The blood conveys the anesthetic agent to the tissues. Consequently, a normal cardiac output is needed for facilitation of the movement of the inhalation anesthetic through the tissues to the brain. The partial pressure increases most rapidly in the tissues with the highest rates of blood flow. Of interest is the great variation in blood perfusion of certain tissues in the body. The body tissue compartments can be divided into the following major groups:
• The vessel-rich group, which consists of the heart, brain, kidneys, hepatoportal system, and endocrine glands
• The intermediate group of perfused tissues, which consists of muscle and skin
• The fat group, which includes marrow and adipose tissue
• The vessel-poor group, which has the poorest circulation per unit volume and comprises tendons, ligaments, connective tissue, teeth, bone, and other avascular tissue
The tissue tensions of the inhaled anesthetic increase and approach the arterial blood tension and ultimately the PA. One of the tissue groups that affects both the induction and the emergence from anesthesia is the fat group. The oil-gas partition coefficient best exemplifies the process involved with the affinity of anesthesia agents to adipose tissue and ultimately the emergence from anesthesia. The oil-gas partition coefficient is defined as the ratio of the concentration of the anesthetic agent in oil (adipose tissue) to that in a gaseous phase when the two are in equilibrium (see Table 20-1). The oil-gas partition coefficients seem to parallel anesthetic requirements. In fact, it is possible to calculate the MAC by knowing the oil-gas partition coefficient. With the constant of 150, the calculated MAC for an anesthetic with an oil-gas partition coefficient of 100 is 1.5%.

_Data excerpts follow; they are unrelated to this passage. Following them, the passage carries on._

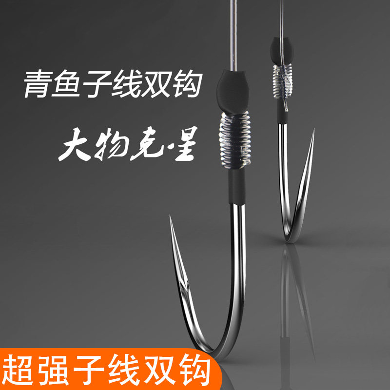 Titanium Alloy Crooked Mouth Giant Fishing Green Fish Sturgeon Big Things Sub-Wire Double Crochet Wire Group Pair Hook Fish Hook Good Finished Product Import
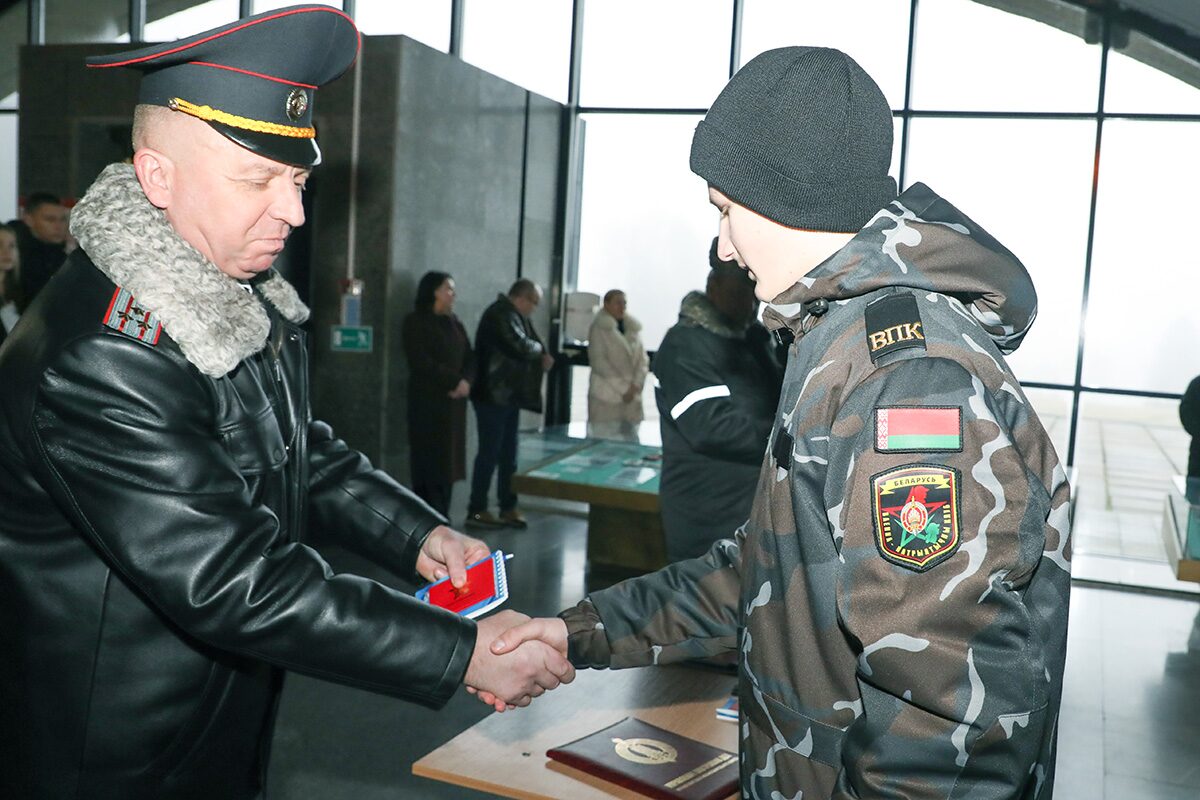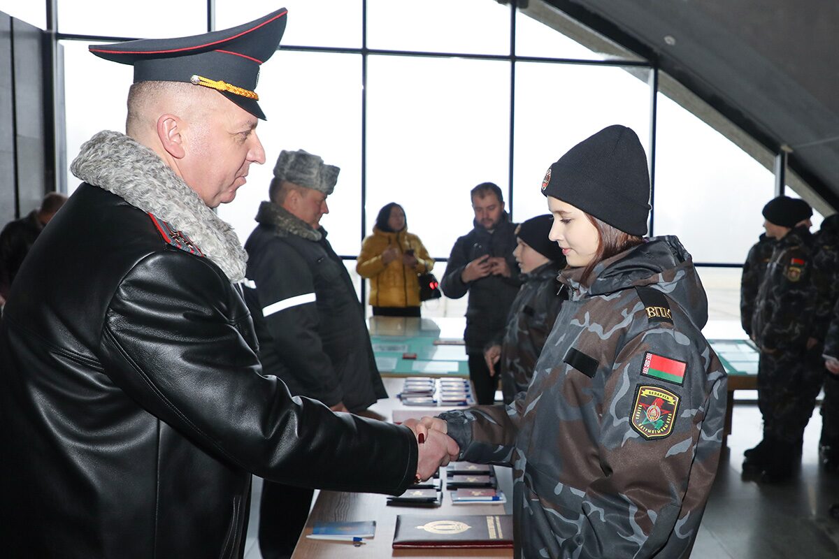 Начальник РОВД Михаил Ермалович и председатель ветеранской организации РОВД Валерий Харкевич вручили удостоверения воспитанники клуба.
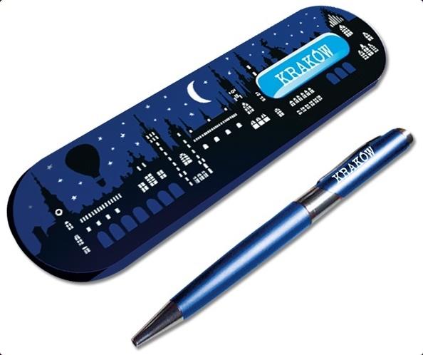 Pamiątkowy długopis z etui ozdobiony motywami związanymi z polskimi miastami.
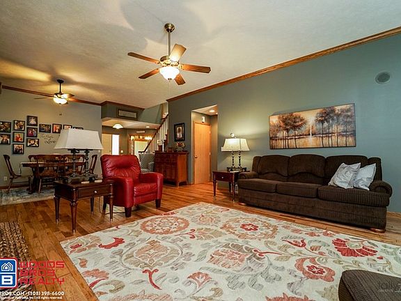Wonderful living for a couple or family. Main floor living includes living room with gas log fireplace & stack stone wall, primary bdrm & bath, 2nd bdrm & bath, & utility room. Open concept kitchen. Dining & living room with great wood floors. 2nd level features a 2nd primary living suite with bath. Full basement with family room, bar, den, 2 bdrms, & bath. Large deck & 2 car attached garage.
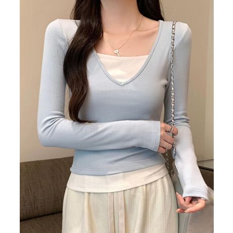 Vネック長袖リブトップス
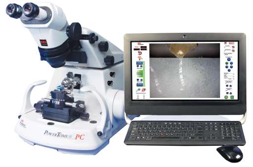 The basic model, the PT-XL, is controlled via a digital tactile controller and is suitable for routine work. From there, the system can be upgraded to a research level ultramicrotome with computer control and video options. Both models can be upgraded to allow for a 1mm uninterrupted sample advance, suitable for array tomography. The latest addition to the Powertome family is the PT-FL, with an ultramicrotome-mounted microscope that allows fluorescent signals to be located in the block during trimming and sectioning.
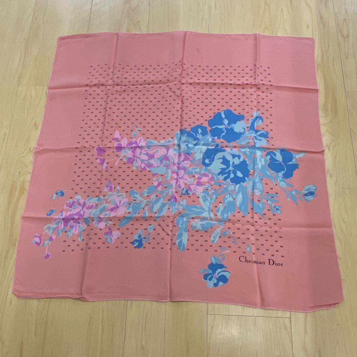 Christian Dior クリスチャンディオール スカーフ ピンク 花柄 ロゴマーク no.25
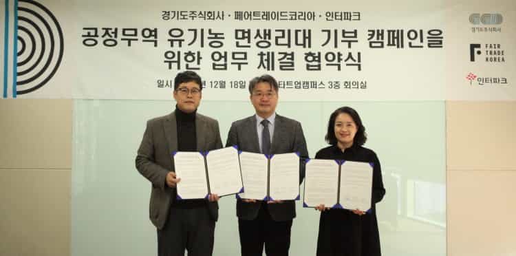 경기도주식회사(대표 이석훈)은 18일 오후 판교 테크노밸리 스타트업캠퍼스에서 페어트레이드코리아와 인터파크와 함께 공정무역 유기농 면생리대 출시와 기부캠페인을 통한 사회인식확산 캠페인을 추진을 약속하는 협약을 체결했다고 밝혔다.
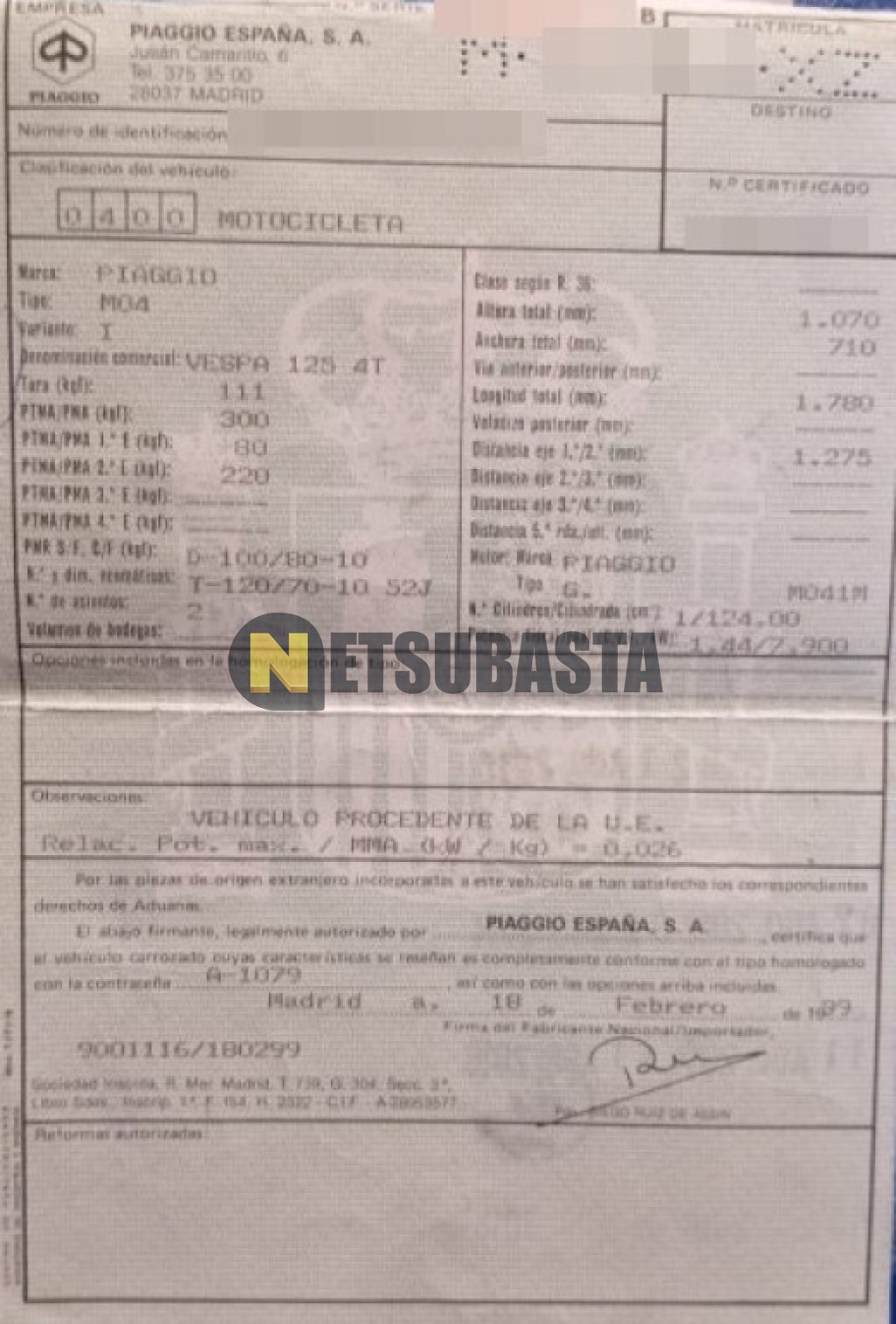 Subasta de Piaggio VESPA 125 1999 Averiados, Marca Piaggio, Modelo VESPA 125, Combustible Gasolina, Kilometraje 12.000 KM, Fecha 1ª matriculación 07/1999, Matrícula M****XZ, Color Exterior , Color Interior , IVA REBU y Ubicación Ávila.
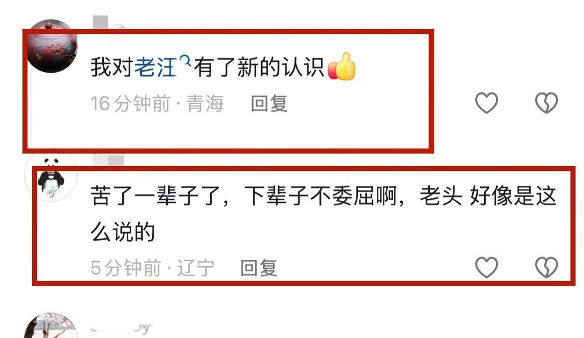 不外老汪那些谈话,再加上他在现场“闹场”的阐扬,的确让东谈主惊掉了下巴。在老爷子的灵堂上,他竟然说出了那句让东谈主搞不懂的话:苦了一辈子了,下辈子不服身丫。

Halothane (Fluothane) was the classic inhalation anesthetic from the 1960s to the 1990s. Inclusion of halothane in the discussion is helpful because all the inhalation anesthetic agents currently in use have almost the same partition coefficients. Halothane has an oil-gas partition coefficient that is approximately twice that of isoflurane, desflurane, or sevoflurane; therefore, with use of halothane as the marker, the newer inhalation agents are twice as fast during induction and emergence as before. All three of the inhalational anesthetics currently in use are used in a variety of settings, and all possess a blood-gas partition coefficient less than 1 (see Table 20-1).